RFLP Analysis and Genetic Screening

Restriction fragment length polymorphisms (RFLPs) can be used to identify genetic disorders. A single nucleotide change in a sequence of DNA can destroy a recognition site for a restriction enzyme and thereby result in fragments of different lengths compared to a piece of DNA with the original sequence. When searching for a gene that indicates a genetic disease, researchers examine fragment patterns of families with the genetic disorder. Eventually, researchers find a special fragment pattern that is usually inherited with the disease. The special fragment pattern is called a “marker.” Once a particular pattern is known to be inherited with a particular disease, RFLP analyis can be used to detect the presence of the disease-causing allele in the DNA of an individual.
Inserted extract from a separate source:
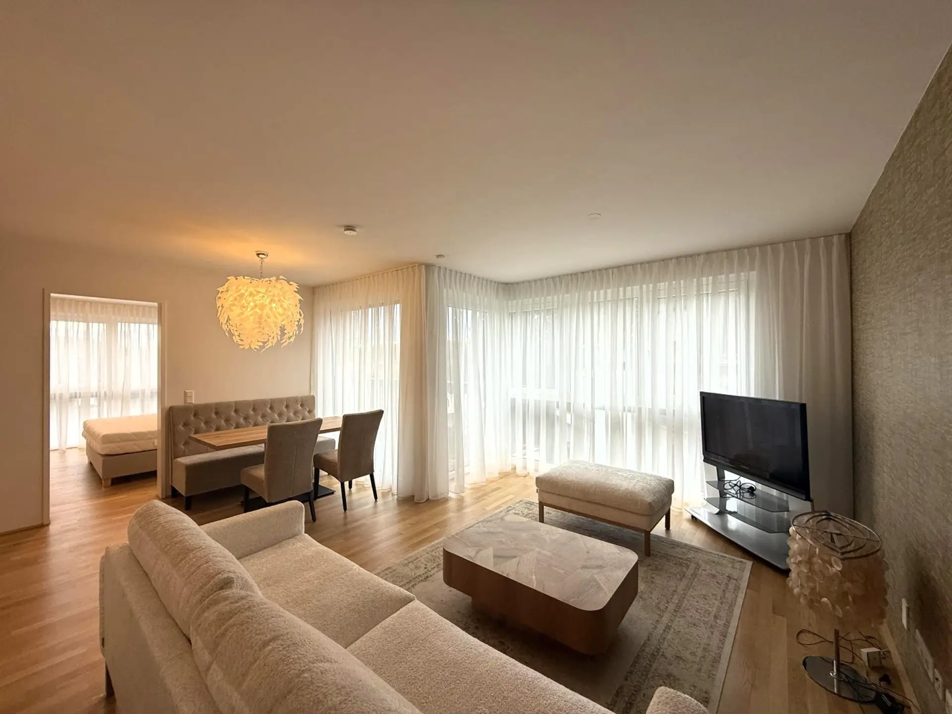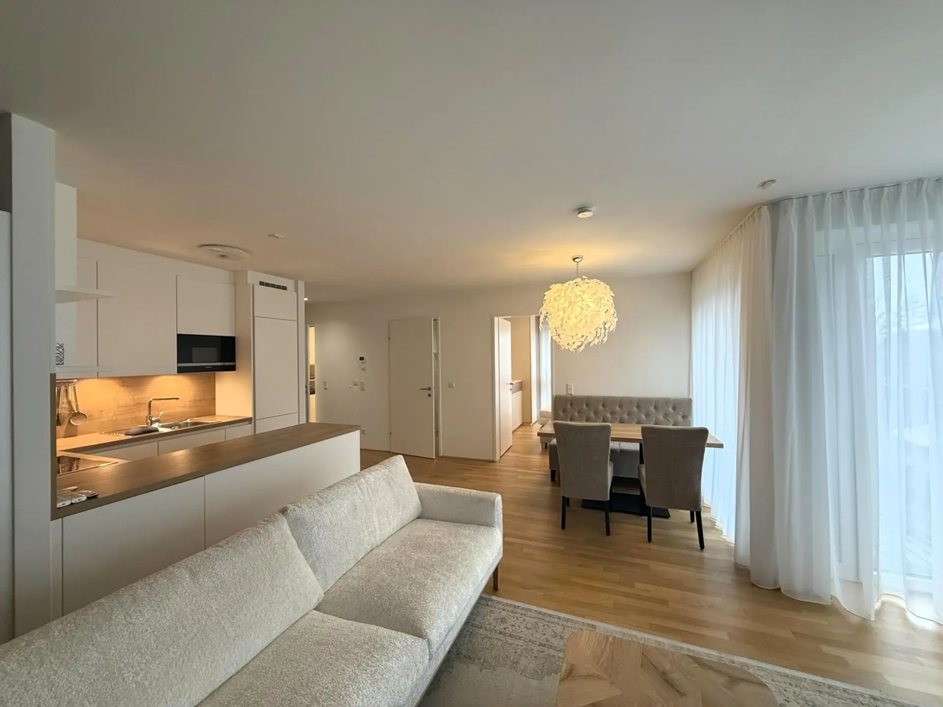 Direkt am Übergang zwischen Stadt und Natur, wird eine komplett möblierte, moderne 3-Zimmer-Terrassenwohnung in einer Ende 2020 fertiggestellten Wohnhausanlage zur befristeten Miete auf zunächst 3 Jahre angeboten.
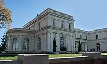 In July 1911, Coulby began construction of a luxurious residence at 28730 Ridge Road in Wickliffe, Ohio. The well-known local architect Frederic William Striebinger designed the Renaissance Revival structure, which sat on 54 acres (220,000 m2) of land and was built by Wm. T. Paul's Sons. The $1 million, 16-room, two-story mansion had seven fireplaces (with mantels carved from Italian marble), and a skylight over the entrance designed by Louis Comfort Tiffany. The exterior was covered in an unusual terra cotta imported from Italy and glazed bright white. High Palladian windows admitted extensive natural light to every room on the ground floor. The estate contained formal gardens, a pond, a cow barn, a park, and a gatehouse (now the Wickliffe Police headquarters). Coulby kept the trees on the north side of his property trimmed down so he could see ships sailing on Lake Erie from the master bedroom on the second floor. Finished in 1912, the mansion, called Coulallenby (a portmanteau of "Coulby" and "Allen"), is considered a superb example of early 20th century Renaissance Revival architecture,[79][80] and is listed in the National Register of Historic Places.

The technique uses a restriction enzyme to cut DNA near the gene and produce a series of fragments which can be sorted using gel electrophoresis. By analyzing the bands on the gel we can determine the genotype of the individual. The difference in the DNA sequence is called a polymorphism and the resulting differences in fragment lengths is called a restriction fragment length polymorphism.

Strand A and B give part of the DNA sequence for the normal and sickle cell hemoglobin genes.

Strand A (normal)

1                               10                               20                               30

A A G G T C T C C T C T A A T T G G T C T C C T T A G G T C T C C T T

Strand B (sickle cell)

1                               10                               20                               30

A A G G T C T C C T C T A A T T G G T C A C C T T A G G T C T C C T T

The restriction site for enzyme Mst II is GGTCTCC and it cuts the DNA between the first T and first C of that sequence.

Questions

1. Determine the sizes of the fragments from an Mst II digest of these two samples.

2. Draw a gel with three lanes to show the position of fragments for individual A who is normal, individual B who has sickle cell trait, and individual C who is a carrier.

3. Why is Mst II used to distinguish sickle cell from normal hemoglobin?

4. Mrs. Smythe is pregnant with her first child. It is known that Mr. Smythe is a carrier for sickle cell

anemia so Mrs. Smythe decides to be tested for the condition. She learns she is also a carrier. The Smythe's then decide to have a prenatal test performed on the fetus. How could we use RFLP analysis to determine the genotype of the fetus?

5. Should this type of screening be used routinely on embryos or unborn fetuses?

6. Should insurance companies have access to the results of such screening?